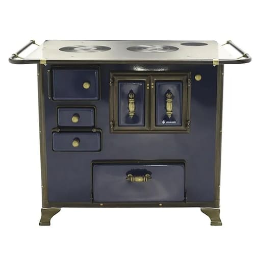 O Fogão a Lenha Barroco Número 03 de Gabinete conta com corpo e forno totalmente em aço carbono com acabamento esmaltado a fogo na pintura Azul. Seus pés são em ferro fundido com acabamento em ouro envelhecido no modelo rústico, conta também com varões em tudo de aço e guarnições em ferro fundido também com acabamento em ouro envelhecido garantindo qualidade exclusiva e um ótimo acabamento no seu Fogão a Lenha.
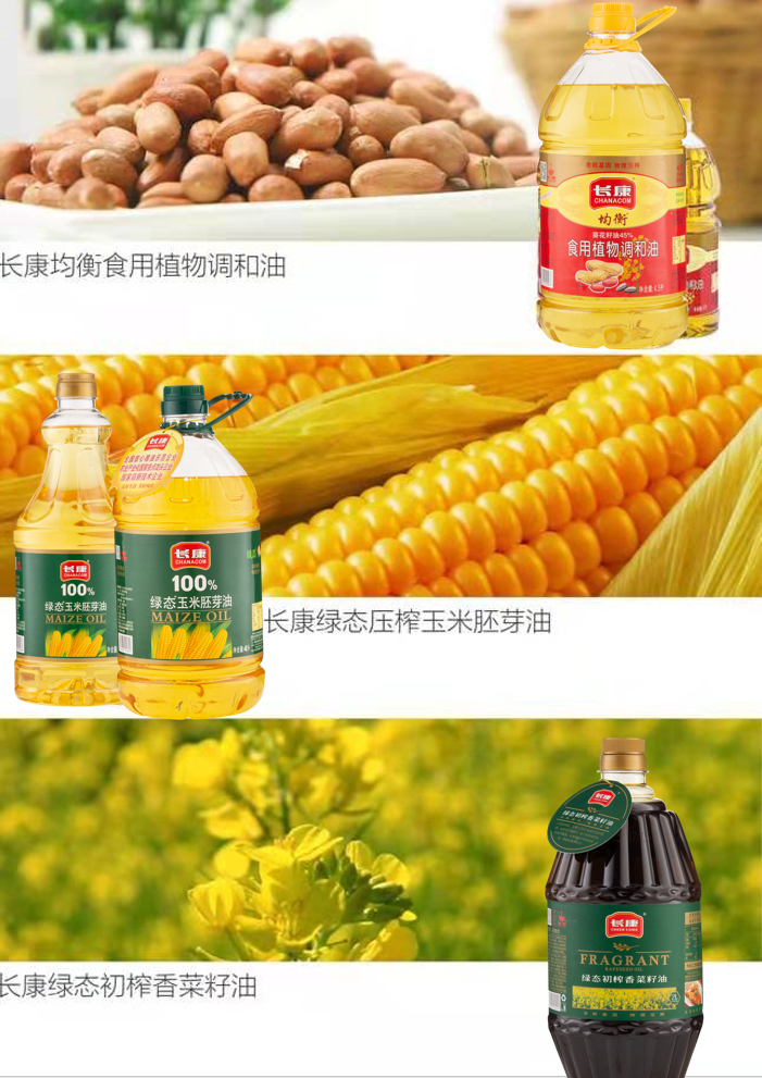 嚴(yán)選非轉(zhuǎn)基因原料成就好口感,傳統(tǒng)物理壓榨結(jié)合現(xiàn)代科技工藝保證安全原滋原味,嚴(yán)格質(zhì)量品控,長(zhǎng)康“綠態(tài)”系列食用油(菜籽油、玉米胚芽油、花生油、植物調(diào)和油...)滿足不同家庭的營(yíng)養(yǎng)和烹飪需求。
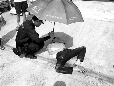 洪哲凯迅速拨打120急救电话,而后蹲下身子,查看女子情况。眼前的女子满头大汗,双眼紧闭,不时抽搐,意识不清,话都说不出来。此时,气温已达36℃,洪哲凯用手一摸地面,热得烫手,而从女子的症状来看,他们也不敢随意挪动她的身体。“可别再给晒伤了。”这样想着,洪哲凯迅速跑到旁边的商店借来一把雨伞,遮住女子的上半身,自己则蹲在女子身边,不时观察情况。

---

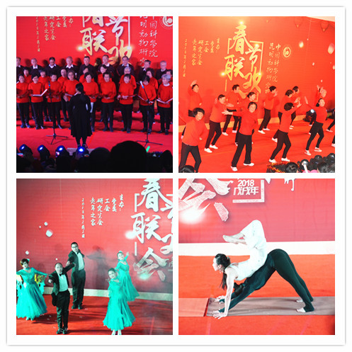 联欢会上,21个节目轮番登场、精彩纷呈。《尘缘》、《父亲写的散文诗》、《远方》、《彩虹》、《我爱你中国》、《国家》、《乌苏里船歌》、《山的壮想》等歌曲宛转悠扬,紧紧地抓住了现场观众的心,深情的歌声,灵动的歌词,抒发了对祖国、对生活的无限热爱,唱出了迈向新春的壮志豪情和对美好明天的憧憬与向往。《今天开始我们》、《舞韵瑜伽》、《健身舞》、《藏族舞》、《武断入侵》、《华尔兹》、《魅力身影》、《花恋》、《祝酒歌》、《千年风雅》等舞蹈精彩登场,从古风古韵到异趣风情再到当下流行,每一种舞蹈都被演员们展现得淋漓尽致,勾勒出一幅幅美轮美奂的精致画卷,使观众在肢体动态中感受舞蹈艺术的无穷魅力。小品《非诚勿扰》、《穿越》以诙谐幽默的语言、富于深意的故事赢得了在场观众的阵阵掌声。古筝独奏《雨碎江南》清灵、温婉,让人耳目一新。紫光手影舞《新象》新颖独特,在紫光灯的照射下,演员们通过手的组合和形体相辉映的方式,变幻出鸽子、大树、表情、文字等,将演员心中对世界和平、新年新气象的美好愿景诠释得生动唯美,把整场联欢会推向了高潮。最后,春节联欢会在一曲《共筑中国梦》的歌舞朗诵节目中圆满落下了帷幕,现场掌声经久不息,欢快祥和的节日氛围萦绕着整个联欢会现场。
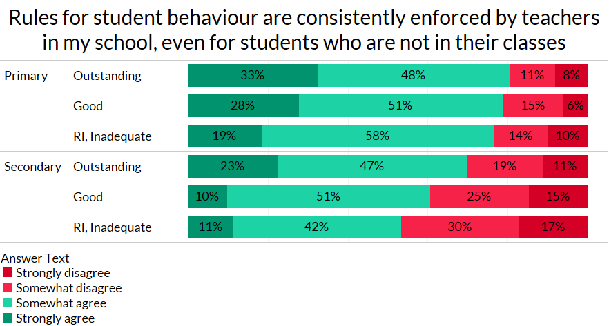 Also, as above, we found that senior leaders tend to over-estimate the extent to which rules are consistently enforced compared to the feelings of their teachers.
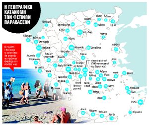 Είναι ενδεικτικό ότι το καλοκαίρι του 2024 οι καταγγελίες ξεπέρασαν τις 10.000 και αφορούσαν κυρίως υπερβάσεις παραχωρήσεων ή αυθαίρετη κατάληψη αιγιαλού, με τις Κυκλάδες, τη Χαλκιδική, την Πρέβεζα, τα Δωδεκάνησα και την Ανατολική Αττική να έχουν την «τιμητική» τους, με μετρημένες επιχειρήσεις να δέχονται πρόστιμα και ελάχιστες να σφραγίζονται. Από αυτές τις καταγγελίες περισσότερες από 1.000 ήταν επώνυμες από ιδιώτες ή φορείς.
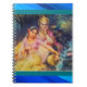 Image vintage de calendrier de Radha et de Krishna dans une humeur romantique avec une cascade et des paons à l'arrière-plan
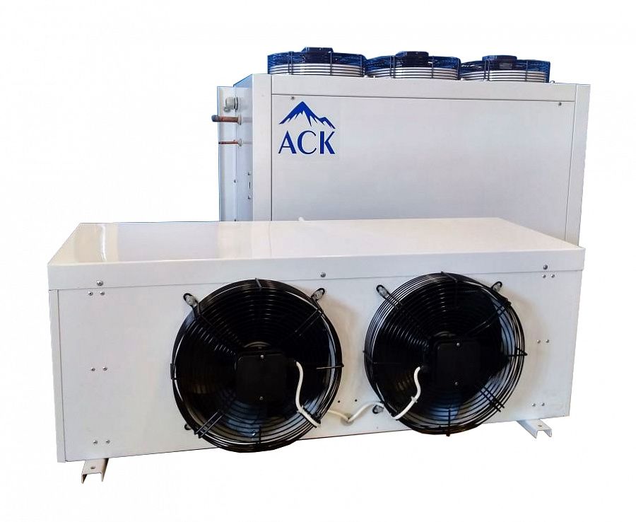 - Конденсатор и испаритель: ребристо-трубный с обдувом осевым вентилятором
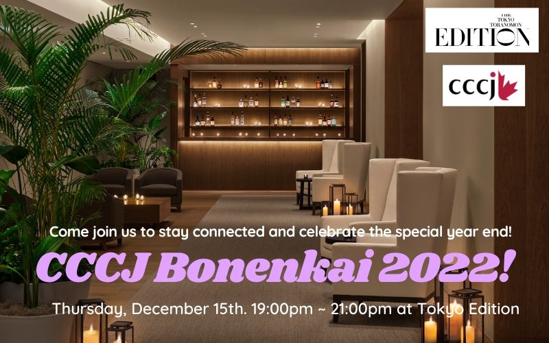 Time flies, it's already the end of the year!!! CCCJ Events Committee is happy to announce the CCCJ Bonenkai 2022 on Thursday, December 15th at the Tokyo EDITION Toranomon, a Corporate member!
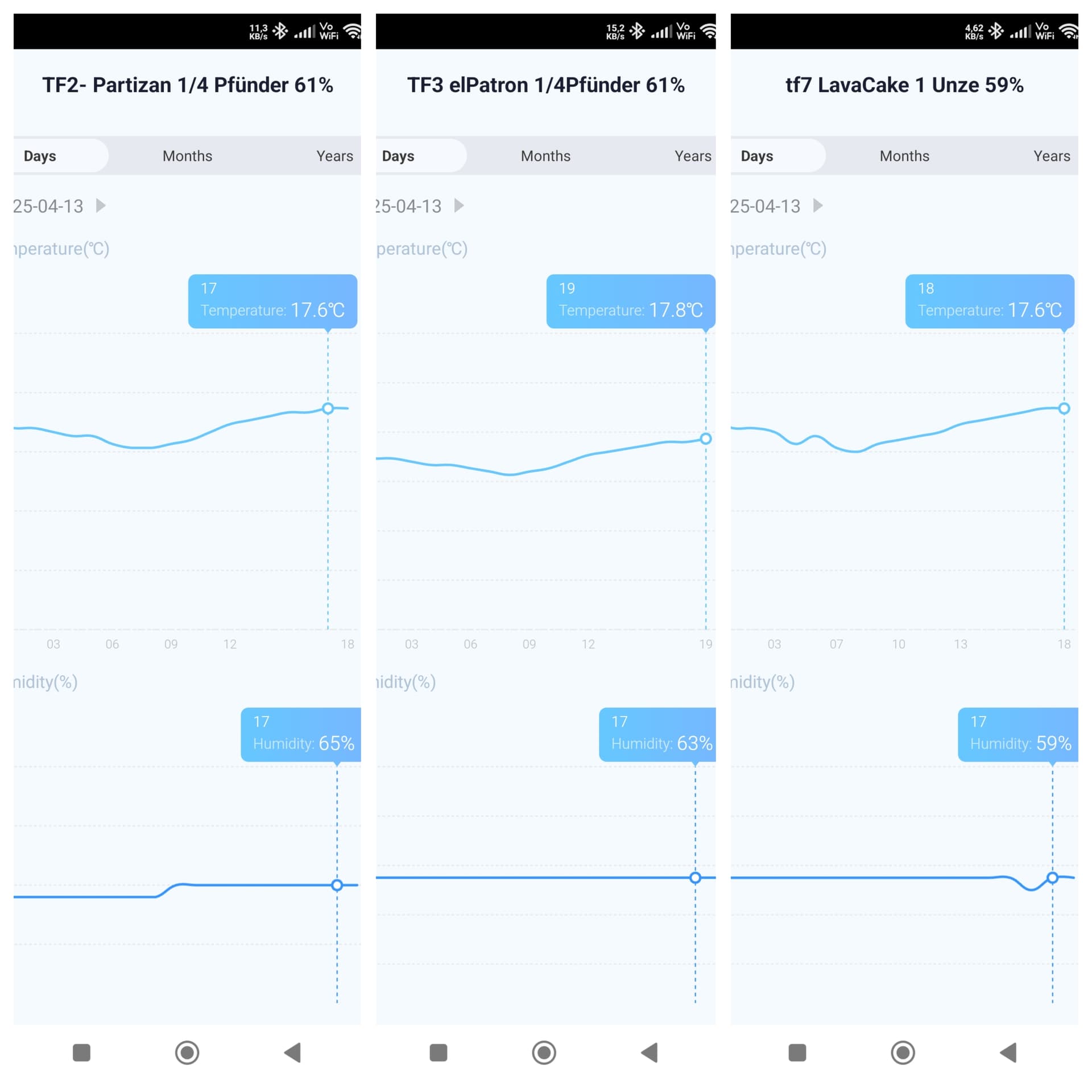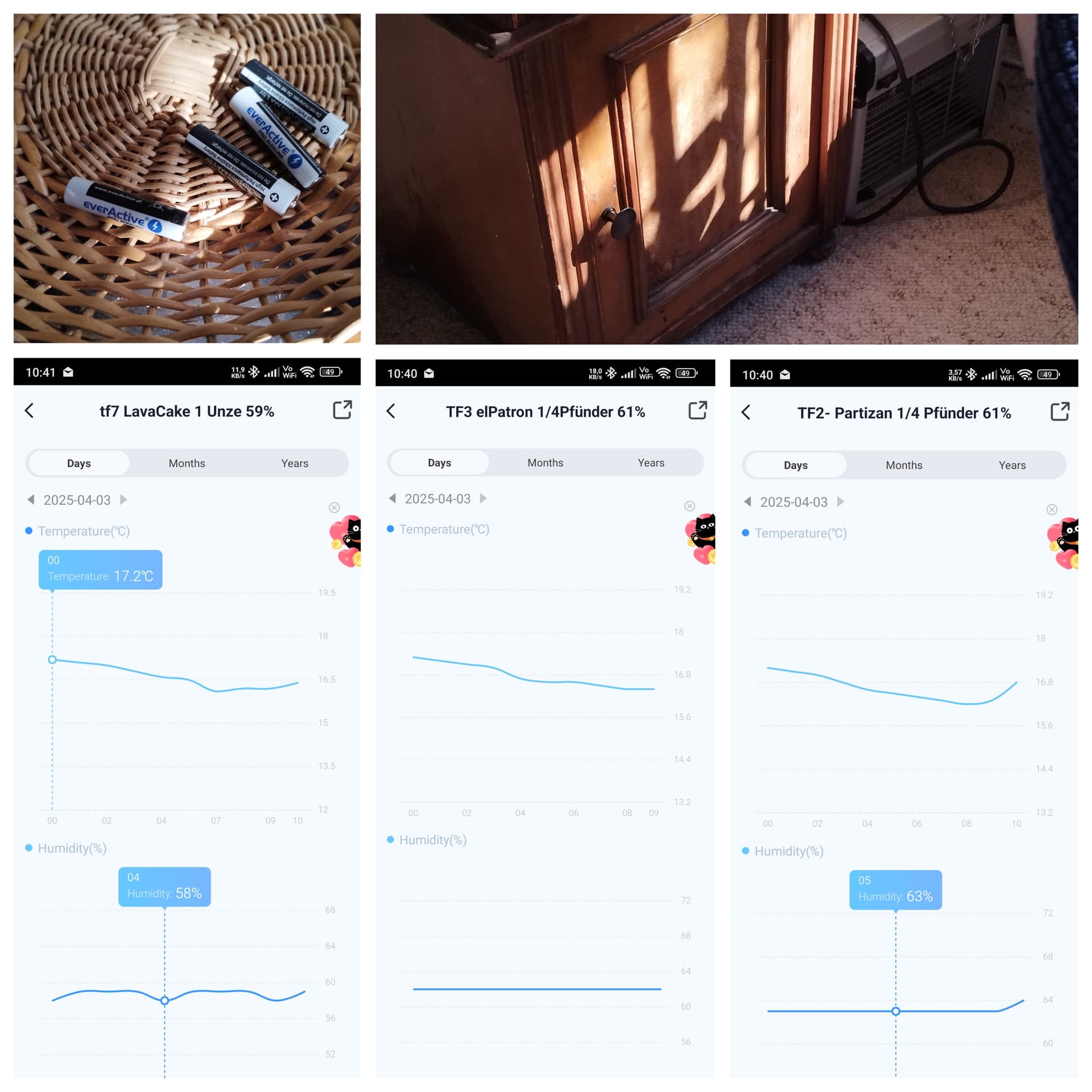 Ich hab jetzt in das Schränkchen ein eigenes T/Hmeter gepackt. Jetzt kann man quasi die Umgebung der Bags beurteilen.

==

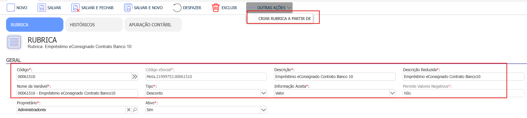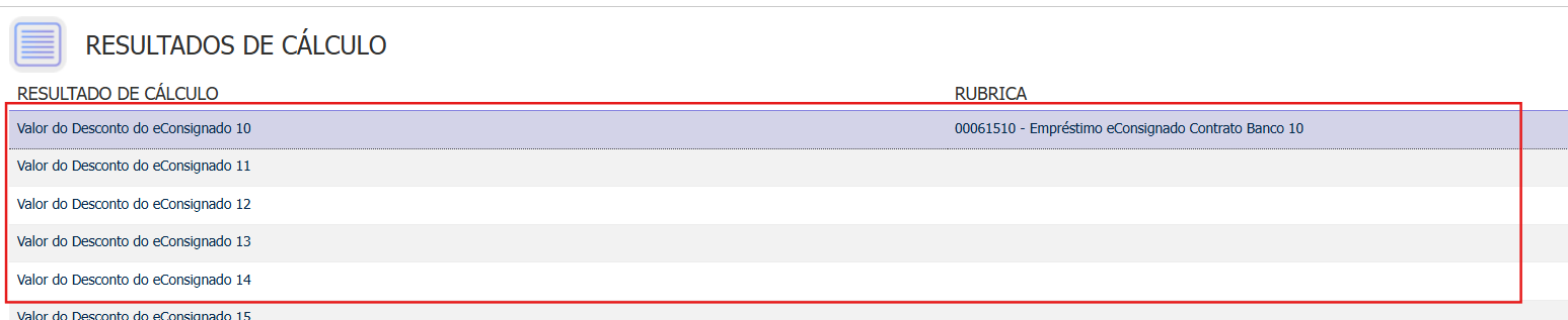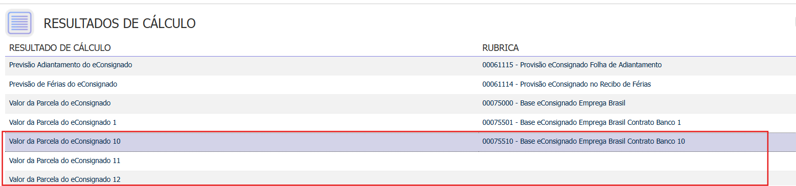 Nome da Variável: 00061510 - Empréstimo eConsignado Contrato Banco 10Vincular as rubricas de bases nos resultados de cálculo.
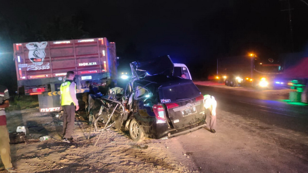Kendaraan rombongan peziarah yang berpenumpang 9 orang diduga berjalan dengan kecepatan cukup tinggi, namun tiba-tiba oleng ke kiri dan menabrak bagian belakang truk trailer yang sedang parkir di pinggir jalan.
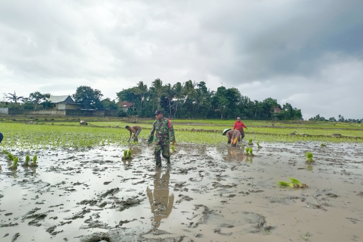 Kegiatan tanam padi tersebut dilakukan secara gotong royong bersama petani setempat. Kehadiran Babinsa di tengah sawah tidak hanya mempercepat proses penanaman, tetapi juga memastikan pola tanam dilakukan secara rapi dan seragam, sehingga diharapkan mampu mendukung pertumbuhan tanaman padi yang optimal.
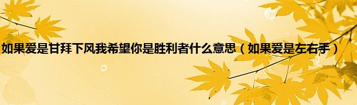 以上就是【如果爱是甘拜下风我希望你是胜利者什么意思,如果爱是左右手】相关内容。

- Try it:
Find where the line with "Time flies, it's" sits in the material above and where the line with "Ich hab jetzt" sits. Set down exactly the lines from the first to the second, both included and nothing else, without pictures.

- Reply:
 Time flies, it's already the end of the year!!! CCCJ Events Committee is happy to announce the CCCJ Bonenkai 2022 on Thursday, December 15th at the Tokyo EDITION Toranomon, a Corporate member!
 Ich hab jetzt in das Schränkchen ein eigenes T/Hmeter gepackt. Jetzt kann man quasi die Umgebung der Bags beurteilen.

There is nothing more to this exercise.